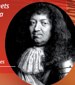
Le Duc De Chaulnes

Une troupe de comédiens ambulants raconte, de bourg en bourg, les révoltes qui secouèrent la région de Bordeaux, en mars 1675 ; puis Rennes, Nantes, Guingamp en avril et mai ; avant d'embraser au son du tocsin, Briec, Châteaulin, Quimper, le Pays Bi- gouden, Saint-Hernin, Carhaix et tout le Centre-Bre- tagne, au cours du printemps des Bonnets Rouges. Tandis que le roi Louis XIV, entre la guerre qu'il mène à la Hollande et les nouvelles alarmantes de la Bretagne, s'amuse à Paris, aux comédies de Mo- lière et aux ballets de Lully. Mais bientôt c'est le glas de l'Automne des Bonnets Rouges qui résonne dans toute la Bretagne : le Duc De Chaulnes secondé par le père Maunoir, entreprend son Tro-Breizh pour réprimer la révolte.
= = = = = = =
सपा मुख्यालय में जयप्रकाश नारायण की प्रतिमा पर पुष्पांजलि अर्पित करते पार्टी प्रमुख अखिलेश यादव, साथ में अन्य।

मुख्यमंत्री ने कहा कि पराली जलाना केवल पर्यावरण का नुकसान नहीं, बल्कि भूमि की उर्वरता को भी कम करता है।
= = = = = = =
Problem to solve —
The lines above starting at the one that contains "सपा मुख्यालय में" and ending at the one that contains "मुख्यमंत्री ने कहा" must be transcribed exactly, and no other lines may appear.

Solution —
सपा मुख्यालय में जयप्रकाश नारायण की प्रतिमा पर पुष्पांजलि अर्पित करते पार्टी प्रमुख अखिलेश यादव, साथ में अन्य।

मुख्यमंत्री ने कहा कि पराली जलाना केवल पर्यावरण का नुकसान नहीं, बल्कि भूमि की उर्वरता को भी कम करता है।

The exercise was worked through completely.